Fig. 2 is a quarter section drawing of a collapsible expansion cone for an
expandable liner hanger
system according to an embodiment in a run in condition.
Fig. 3 is a cross section drawing of the expansion cone of Fig. 2 in a
collapsed condition for
removal from the well after expansion of an expandable liner hanger.
DETAILED DESCRIPTION OF THE PREFERRED EMBODIMENTS
In describing embodiments, a first element may be described as being above or
up hole from a
second element which is below or down hole from the first element. Some wells
may include
sections which are slanted or deviated from vertical and in some cases are
horizontal. In such
wells, the terms above or up hole mean located closer to the surface location
of the well and the
terms below or down hole mean closer to the end of the well most distant from
the surface location
of the well.
Fig. 1 provides a somewhat schematic diagram of an expandable liner hanger
system with an
expansion cone according to embodiments of the present invention. Fig. 1 is
not drawn to scale in
order to more clearly illustrate the relative positions of various elements.
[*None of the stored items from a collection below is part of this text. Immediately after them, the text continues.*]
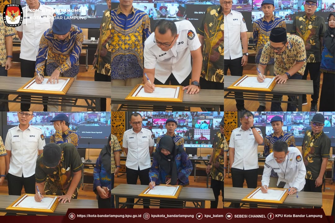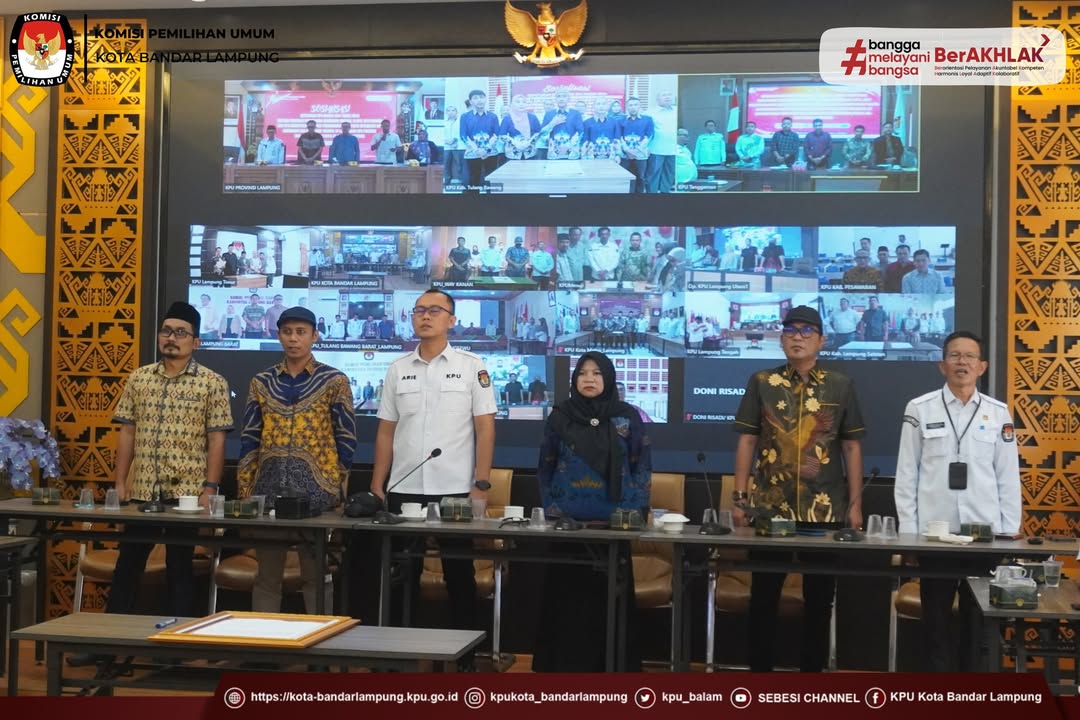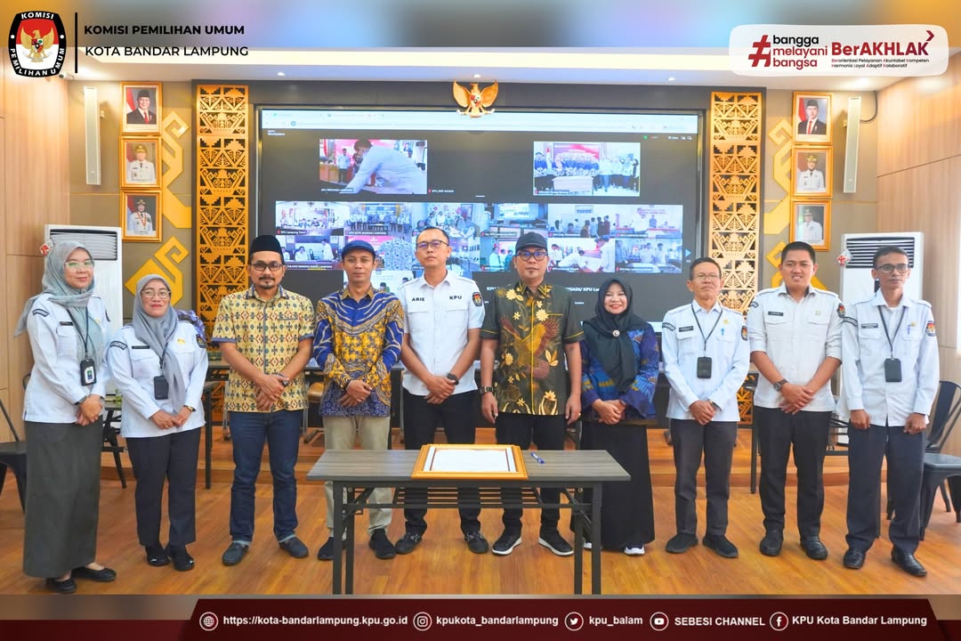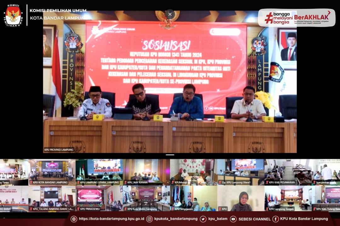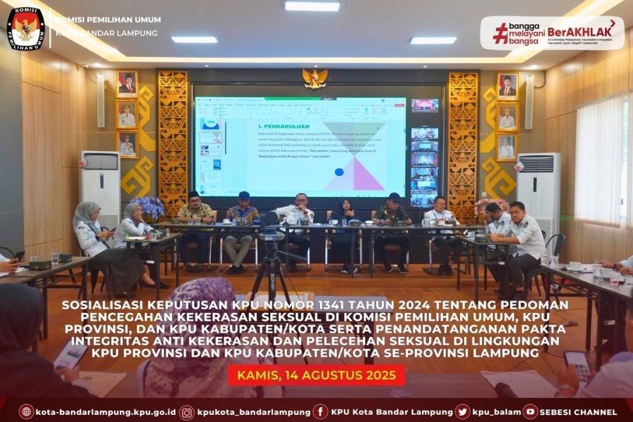 Komisi Pemilihan Umum (KPU) Kota Bandar Lampung mengikuti Sosialisasi Keputusan KPU Nomor 1341 Tahun 2024 tentang Pedoman Pencegahan Kekerasan Seksual di Komisi Pemilihan Umum, KPU Provinsi, dan KPU Kabupaten/Kota serta Penandatanganan Pakta Integritas Anti Kekerasan dan Pelecehan Seksual di lingkungan KPU Provinsi dan KPU Kabupaten/Kota se-Provinsi Lampung, Kamis (14/08/2025).
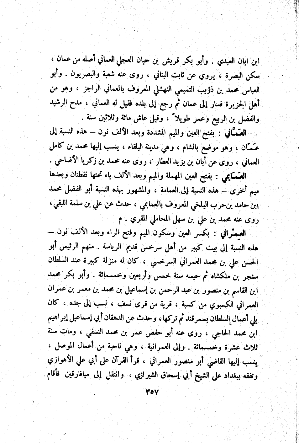 الْعمانِي بِفَتْح الْعين وَالْمِيم الْمُشَدّدَة وَبعد الْألف نون - هَذِه النِّسْبَة إِلَى عمان وَهُوَ مَوضِع بِالشَّام وَهِي مَدِينَة البلقاء ينْسب إِلَيْهَا مُحَمَّد بن كَامِل الْعمانِي روى عَن أبان بن يزِيد الْعَطَّار روى عَنهُ مُحَمَّد بن زَكَرِيَّا الْأَضَاحِي
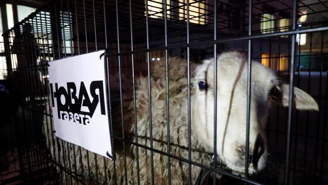 7) Ekim 2018'de kimliği belirsiz kişiler, Moskova'daki Novaya Gazeta ofislerinin yakınında, üzerinde BASIN yazan yelekler giydirilmiş koyunların olduğu üç kafes getirdi.
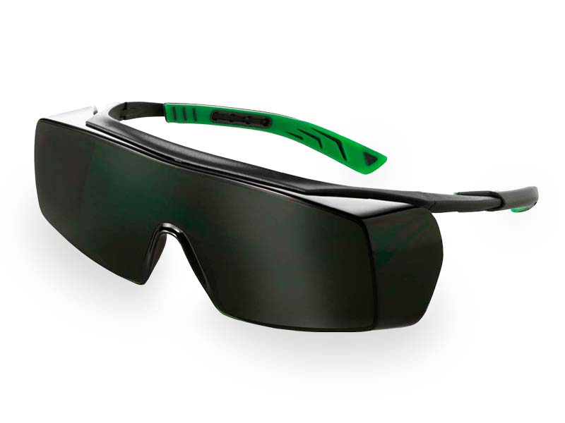 Gafas de protección frente a múltiples longitudes de onda láser, fabricadas en un policarbonato analérgico en color verde.
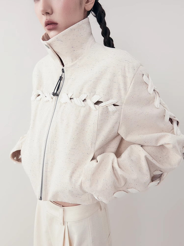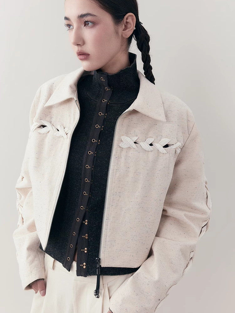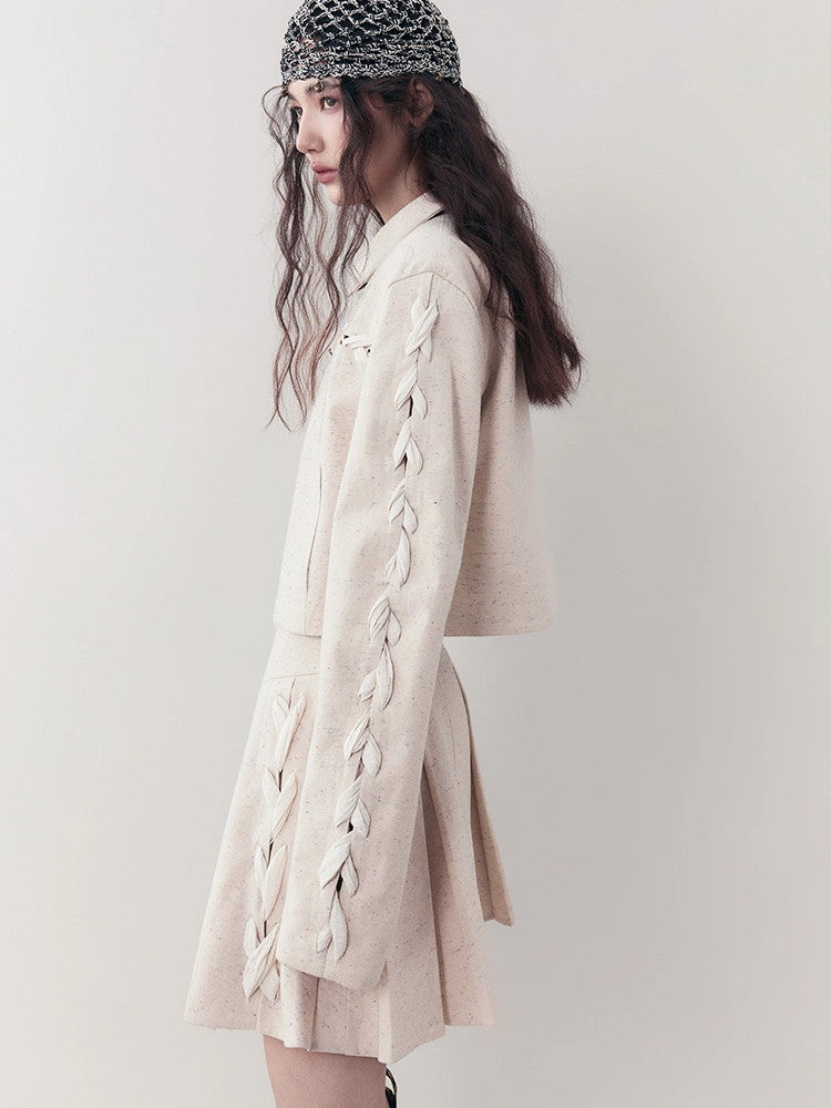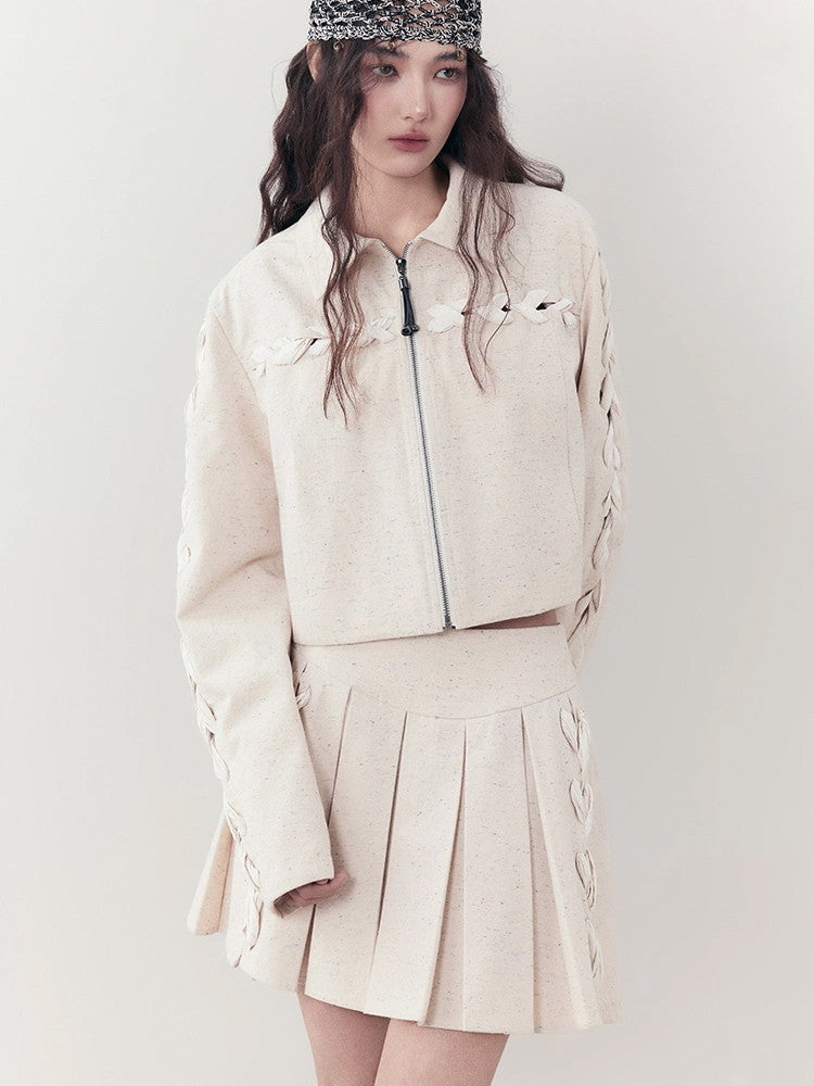 Chic Braid Cute Set-Up Zip Natural Jacket&Skirt

A
well 10 has been
drilled through earth formation 12. A conventional steel casing 14 has been
placed in an upper
portion 16 of the well 10. Cement 18 has been placed between the casing 14 and
the upper portion
16 of well 10.
Below casing 14, a lower section 20 of the well 10 has been drilled through
casing 14 and therefore
may have a smaller diameter than the upper portion 16. A length of liner 22 is
shown positioned
within the lower portion 20. The liner 22 may have been used to drill the
lower portion 20, but in
any case is used to line or case the lower portion 20. If desired, cement may
be placed between the
liner 22 and lower portion 20 of well 10. The liner 22 has been installed in
the well 10 by means
of a work string 24. The work string 24 may include a releasable collet, not
shown, by which it
can support and rotate the liner 22 as it is placed in the well 10.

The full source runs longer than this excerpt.